Winston Churchill once described Russia as a mystery wrapped in an enigma. The election of Vladimir Putin as Russia’s new president for the next five years has in no way diminished this imagery. Groomed in the ranks of the KGB, the Soviet secret police, Putin has portrayed himself as nostalgic for the “greatness” that was once Soviet power both at home and abroad. And he has insisted that Russia once more needs a “strong state” to dig out the corruption and violence that has become the essence of daily life throughout the country.
Equally ambiguous has been Putin’s economic agenda within the Russian economy. Will he move in the direction of the free market or return to greater central control and management of Russian industry and trade?
Few things during the past 10 years have been as disappointing and frustrating than as the failure for any real, free-market reforms in postcommunist Russia. In spite of the end of the traditional socialist planned economy, the Russian government under Boris Yeltsin never succeeded in instituting full and enforced property rights.
In the countryside, for example, land is still the property of the state. The supposed denationalization of the Stalinist-era collective farms actually left them intact. And after a dash by a sizeable number of collective farmers to break away and establish their own private enterprises, the number of functioning private farms in Russia is now lower than in the mid 1990s. Moreover, these private farms actually remain under the legal ownership of the state; what the farmers have are 50-year leases, which are difficult to utilize as collateral for obtaining investment loans. The state also limits the uses to which the land can be applied.
Nor have Russian industries been fully privatized. The Russian government remains the majority or minority shareholder in most of them. Whether more or less “private,” they operate in an economic environment of government regulation, subsidy, and monopoly control that are the institutional mechanisms behind the powerful “oligarchs” who dominate and manipulate much of Russian industry and the political decision-making in Moscow and especially in the various regions of the country.

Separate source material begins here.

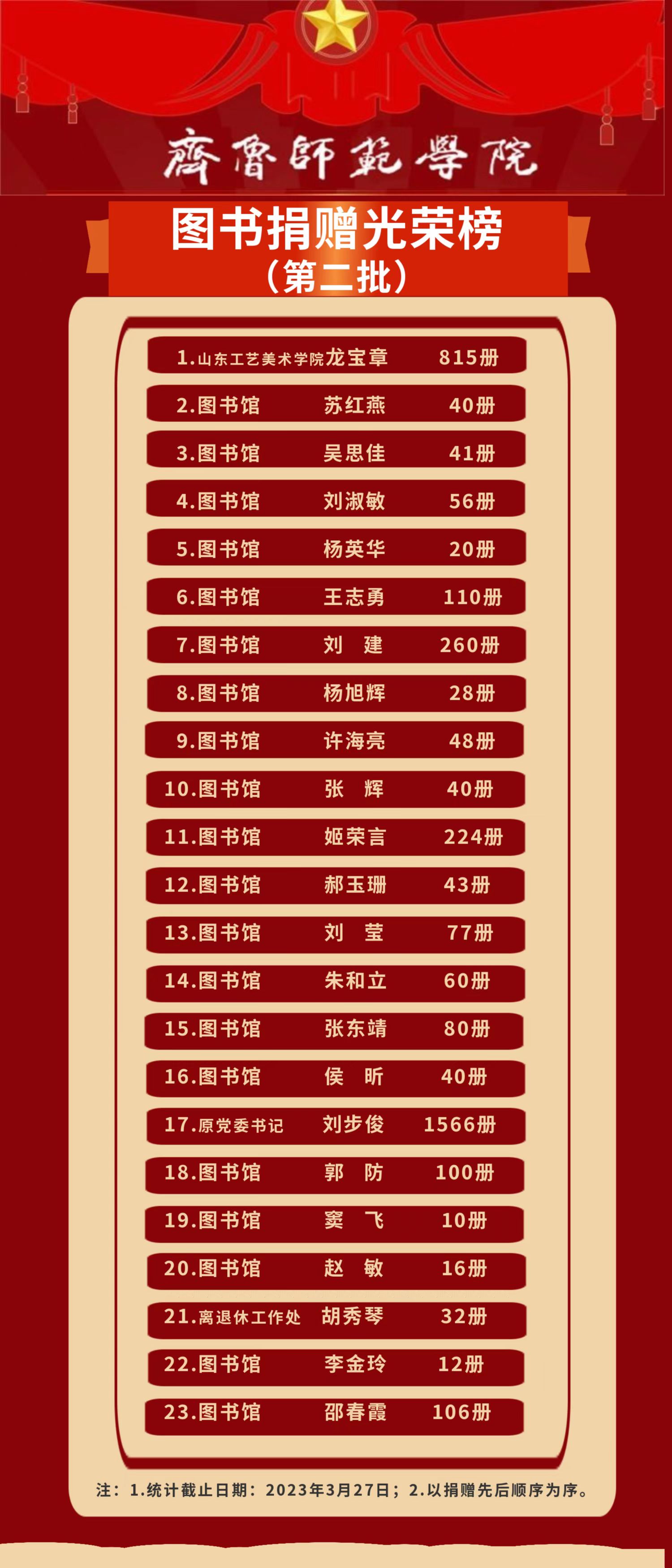 首批“JINNIAN金年会图书捐赠光荣榜”发布后,得到了师生们的积极响应,截至目前学校已收到各类捐赠图书4729册。其中,原党委书记刘步俊同志捐赠图书1566册,山东工艺美术学院龙宝章教授捐赠图书、期刊815册。

Taxes, too, are oppressively burdensome. The average Russian businessman who diligently paid all of the income, social insurance, and business taxes that the central government and the regional governments levy on him would end up owing far more than 100 percent of his annual earnings. In such a tax climate it is not surprising that tax avoidance is not only widespread, it is in fact a matter of financial survival.
An indication of Putin’s plans for the Russian economy was supplied in early April 2000 by his appointment of Andrei Illarionov as his senior economic advisor. Illarionov is the head of a radical free-market think tank in Moscow, the Institute for Economic Analysis. He has been a blistering critic of Russian government regulation, control, and bureaucratic mismanagement.

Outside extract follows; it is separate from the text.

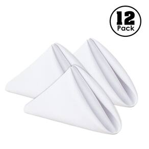 Gee Di Moda Guardanapos de pano - Guardanapos de jantar de poliéster laváveis brancos sólidos de 43 x 43 cm - Conjunto de 12 guardanapos com bordas de bainha - Ótimo para casamentos, festas, jantares de férias e muito mais

In his first interviews with the Russian and Western press, Illarionov has emphasized the need for deep cuts in government spending and taxing, deregulation of the economy, real and transparent private property rights enforced by the law, and full privatization of Russian industry and agriculture.
In August 1999 I had the opportunity to meet Illarionov in Vancouver, Canada, at a meeting of the Mont Pelerin Society, an international association of economists, businessmen, and policy analysts devoted to the principles of the free market and limited government. In perfect English he explained to me his vision of a democratic and free Russia grounded in property rights and open competition. The government, he emphasized, should be constitutionally limited to guarding people’s liberties, not violating them.
For a thousand years, Russia, both under the autocratic tzars and the communist commissars, has never known real political and economic freedom. And the country’s steps toward these freedoms during the last 10 years have been faltering and frustrating. But if Vladimir Putin follows the policy advice of people such as Andrei Illarionov, Russia may finally be on its tortured way towards real freedom and prosperity.